Proof of claim: Let $v$ be such that $y = Tv$. Note that $x + y = 0$.  Thus, $T(x + y) = T(0) = 0$.  So, we have
$$
0 = T(x + y) = Tx + Ty = 0 + T(Tv) = T^2 v = 2Tv = 2y
$$
So, $2y = 0$, which means $y = 0$.  Since $x + y = 0$, conclude that $x = 0$ as well. $\square$
Next, we need to show that every vector in $v \in V$ can be written in the form $v = x + y$ where $x \in \ker(T)$ and $y \in \operatorname{Im}(T)$.  There are several approaches that work here, but there are two I like: once is to simply argue that $\ker(T) \cap \operatorname{Im}(T) = \{0\}$, which means that $\ker(T) + \operatorname{Im}(T)$ is necessarily an $n$-dimensional subspace of $V$.  The second approach is to note that every $v \in V$ can be decomposed as
$$
v = \underbrace{\left(v - \frac 12 Tv\right)}_x + \underbrace{\frac 12 Tv}_{y}
$$

Part 2 is easy if you understand what it means to write the matrix of a transformation with respect to a particular basis.  In particular, you should argue that the matrix of $T$ with respect to $A = (b_1,...,b_k,c_1,...,c_{n-k})$ is of the desired diagonal form.

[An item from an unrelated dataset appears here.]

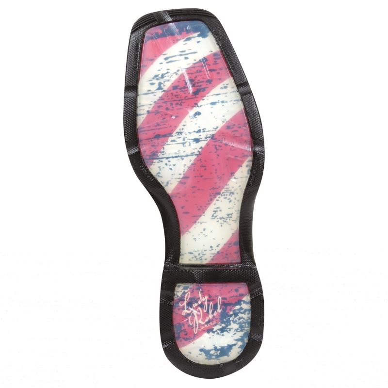 This Lady Rebel by Durango Western Boot will be the most attention-grabbing item in your closet. The stunning upper has the American flag on the shaft, full-grain brown leather that looks fashionably distressed, toe bug stitching and pull tabs that make it possible to get this pull-on boot on/off effortlessly.

A: For the first item you need to prove that Ker$T$ $\cap$ Im$T=\{0\}$. Let $\{b_1,\dots, b_k\}$ be a basis for Ker$T$, and let $v\in$ Im$T$. Suppose $v\in$Ker$T$ $\cap$ Im$T$, then $v=a_1b_1+\cdots+a_kb_k$, Hence 
$$T(v)=\sum_{i=1}^k a_i T(b_i)=0$$
On the other hand, since $T^2=2T$ and $v\in$ Im$T$, there exists $u\in V$ such that $T(u)=v$, hence $T^2(u)=T(v)=0$ and $T^2(u)=2T(u)$, that is $T(T(u)-2u)=0$. This implies that $T(v-2u)=T(v)-2T(u)=0$, hence $2v=0$, so $v=0$.
For the second point, the matrix associate to the basis $\{b_1,...,b_k,c_1,..,c_{n-k}\}$ is diagonal, because $T(b_i)=0$ and $T(c_j)=2c_j$.